Have your lake and swim in it too
Looking around the industry, it is clear that many organizations are focused on providing an enterprise-wide data access strategy, notably through the creation of a “data lake.” The data lake methodology focuses on copying all data from across the enterprise into a single, centralized repository. The data lake is usually hosted on a scalable clustered environment, from which data scientists can then consume data as needed.
On the surface, this approach seems simple, effective and comprehensive. However, there may be requirements which make data lakes less than ideal. For instance, this would be the case when there are changes to the information that the data represents and when those changes happen more often than scheduled extract-translate-load (ETL) operations.
The IBM Z brand has long been known for housing critical applications and the associated data. This is typically structured data stored in database systems or as data sets (structured files in the z/OS environment). With the enablement of a number of analytics and machine-learning software on z/OS and Linux on IBM Z, various use cases can be optimized locally on the IBM Z data. Not only that, but if the data on IBM Z is sensitive from a security or auditing perspective, that data can now remain within the IBM Z environment.
What does this enable? The data lake no longer has to be a one-size-fits-all solution, allowing data architects to provide more options for their data science team. Now machine learning use cases that primarily consume IBM Z data can be executed on data that is resident on that system. This means that it is possible that some data may not have to be moved into the data lake!
What are the implications? This will require your data scientists to think differently.

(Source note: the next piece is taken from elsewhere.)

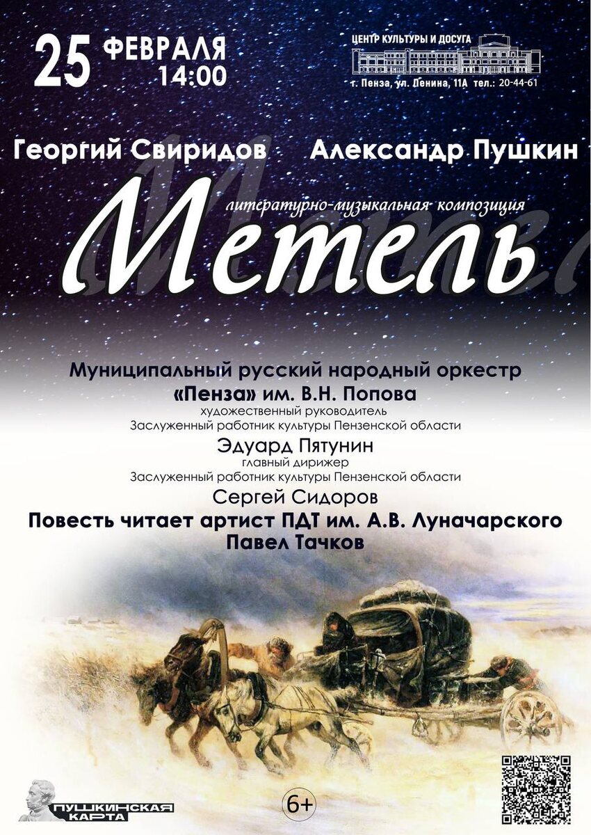 "❄ 🎶 В исполнении Русского народного оркестра "Пенза" им. В.Н. Попова зрители услышат музыкальную иллюстрацию композитора Георгия Свиридова к повести Александра Пушкина «Метель», состоящую из девяти музыкальных композиций: «Тройка», «Вальс», «Весна», «Осень», «Романс», «Пастораль», «Военный марш», «Венчание», «Отзвуки вальса», «Зимняя дорога». Повесть читает артист Пензенского драматического театра им. А.В. Луначарского Павел Тачков. В этом литературном сюжете зимняя стихия неожиданно сыграла судьбоносную роль, изменив жизнь главных героев. Победила Любовь ❤ 6+ ✅Онлайн билеты: https://iframeab-pre7560.intickets.ru/event/70178766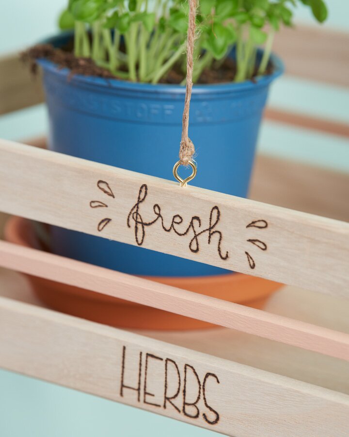 Do indywidualnego etykietowania na wiszących tacach nadaje się kreatywny projekt z brandingiem.

They may have to do some of their analytics on another platform and then use the output of that as a feature for their IBM Z machine learning, in the event that more than just the IBM Z data is required to build a model. For example, social media data can be processed in the cloud, and the sentiment from that analysis can then be used to augment the IBM Z data. This has the benefit of keeping your systems’ data in-place, which means that access to it remains within the same auditing system, the physical encryption of that data on disk is not affected, and the permissions to that data continue to be enforced. This can be a huge benefit for data that is under scrutiny from a security perspective.
It is time to rethink the idea that everything needs to flow into a data lake. While there are many good use cases for data copying and aggregation, this is not a one-size-fits-all approach and there are legitimate cases where bringing the processing to the data can provide great benefits for an organization.